Another reason is because A may feel it's guilty and it's easier to settle while B may feel it's not as guilty and wants a jury and a judge to review the complaint. Keep in mind that in U.S. Civil Courts, one does not have to show evidence that reaches Beyond Reasonable Doubt standards but Preponderance of Evidence (which is the judge or jury believing that the Plaintiff is more likely correct than they are not. As a respondent, you'd want the opposite decision. Additionally damages are awarded based on your share of liability (Many times, suits are over issues where it "takes two to tango" thus there might be some liability on both parties for damages to each.).

As for mechanisms preventing this, one is a process of "Discovery". Once the case is accepted by the court, it moves to Discovery which is a double-edged sword. All parties to a case can subpenoa evidence from opposing parties to build the case. A lot of civil cases in the U.S. end between the acceptance of the case and the first requests for discovery because discovery in the U.S. is very broad.

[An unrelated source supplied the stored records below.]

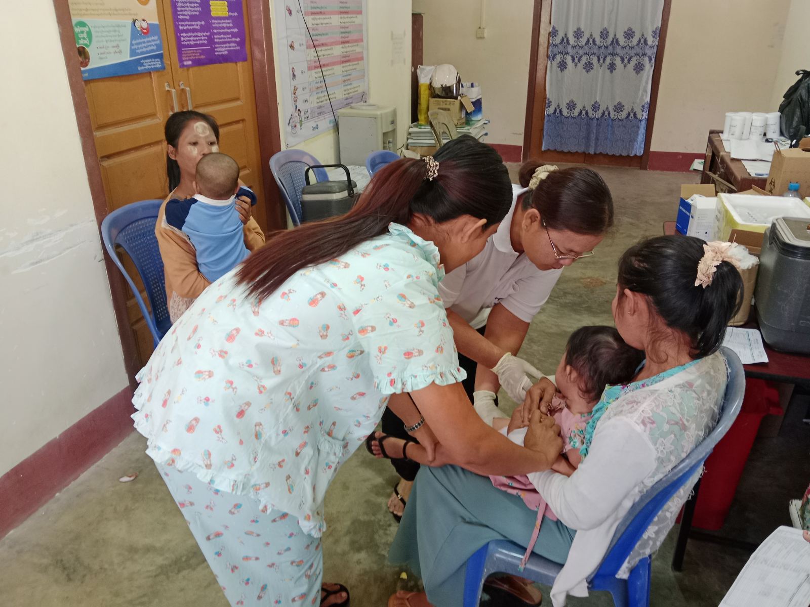 အဆိုပါကာကွယ်ဆေးထိုးနှံခြင်းလုပ်ငန်းကို မြို့နယ်ပြည်သူ့ကျန်းမာရေးဦးစီးဌာနမှူး ဒေါက်တာဝင်းဇော်ဦးကြီးကြပ်မှုဖြင့် ကျန်းမာရေးဝန်ထမ်းများက ကလေးသူငယ်များအား ကိုယ်အပူချိန်တိုင်းခြင်း၊ ပေါင်ချိန်ခြင်း၊ စာရင်းရေးသွင်းခြင်း တို့ကိုဆောင်ရွက်ပေးခဲ့ပြီး မွေးကင်းစမှ အသက်(၂)နှစ်အောက်ကလေးသူငယ်များကို ဆုံဆို့ကြက်ညှာချောင်းဆိုး၊ အသည်းရောင်အသားအဝါ(ဘီ)၊ ဘီစီဂျီ၊ ပိုလီယို၊ ဦးနှောက်အမြှေးရောင်ရောဂါစသည့် (ငါးမျိုးစပ် ကာကွယ်ဆေး)ပိုလီယိုကာကွယ်ဆေး၊ ပြင်းထန်းအဆုတ်ရောင်(ပီစီဗီ)၊ ဝက်သက်-ဂျိုက်သိုးစသည့် ကာကွယ်ဆေးများကို အသက်အရွယ်အလိုက်သတ်မှတ်အကြိမ်တိုင်း ထိုးနှံပေးခြင်း၊ ပိုလီယိုအစက်ချဆေးတိုက်ကျွေးခြင်း၊ ကာကွယ်ဆေးထိုးနှံပေးခြင်းနှင့် ဗီတာဗင်-A အားဆေးတိုက်ကျွေးခြင်းတို့ကို ဆောင်ရွက်ပေးသည်။
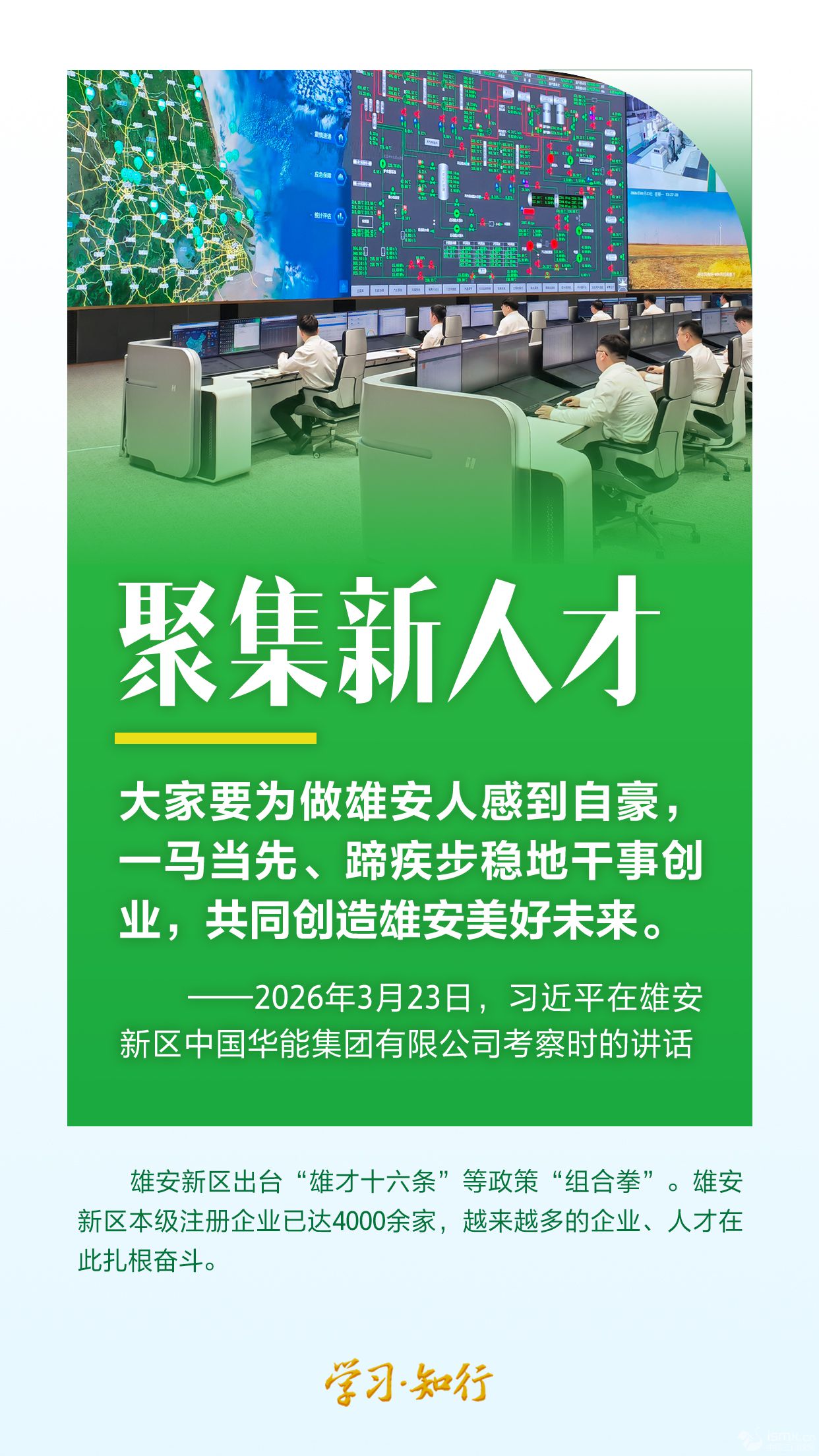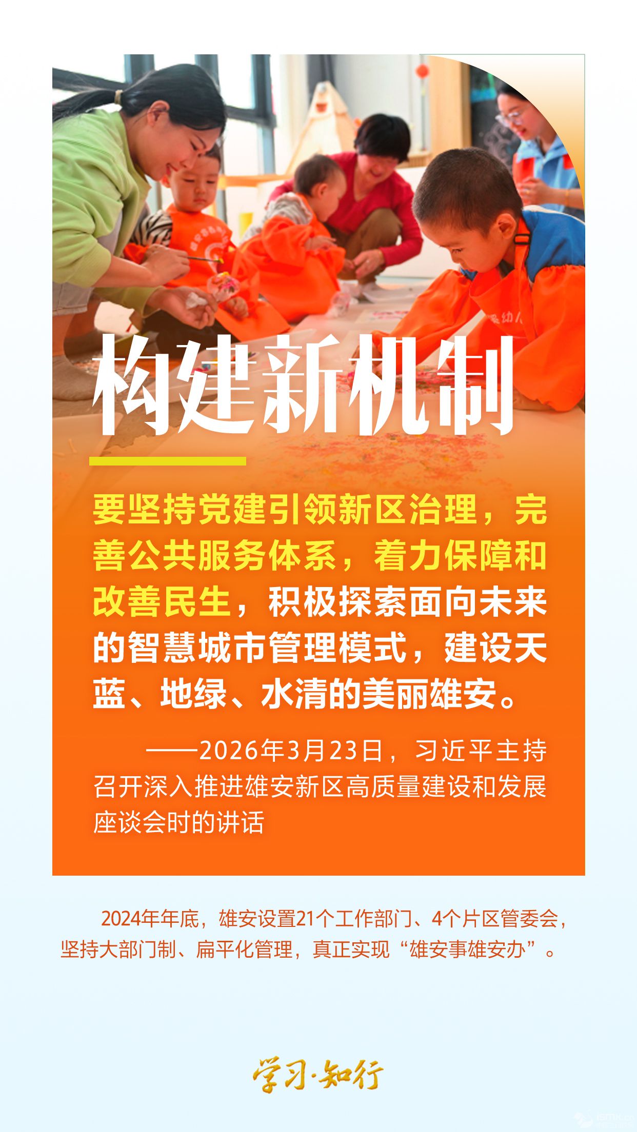 2026年3月23日,習(xí)近平總書(shū)記在河北雄安新區(qū)考察,主持召開(kāi)深入推進(jìn)雄安新區(qū)高質(zhì)量建設(shè)和發(fā)展座談會(huì),強(qiáng)調(diào)牢牢把握雄安新區(qū)功能定位,努力建設(shè)新時(shí)代創(chuàng)新高地和推動(dòng)高質(zhì)量發(fā)展樣板。 千年大計(jì),只爭(zhēng)朝夕。如今的雄安新區(qū),正以看得見(jiàn)的“新”,錨定目標(biāo),闊步前行。
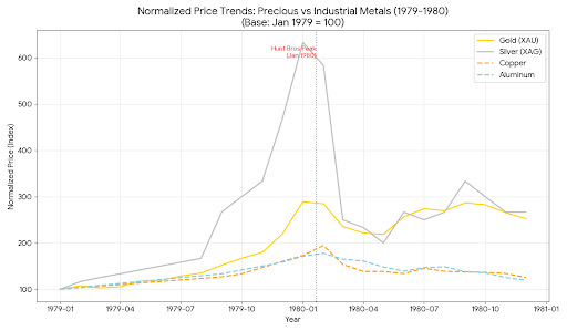 * 第一阶段(1月):亨特兄弟逼空白银,资金集中在“货币属性”最强的金银上疯狂。此时铜铝虽然也涨,但被掩盖了光芒。

One need not show that evidence exists in a record or file... merely that evidence COULD exist... in order for documents to be handed over... and could threaten to expose communications or evidence that the company is up to some funny stuff.... it need not be illegal or tortious... it could just be that it's embarrassing if the public knows about it (since the evidence will likely be given public exposure). Most companies will settle rather show the skeletons in their closets.

90% of all cases in the United States (Criminal or Civil) are settled out of court by the way.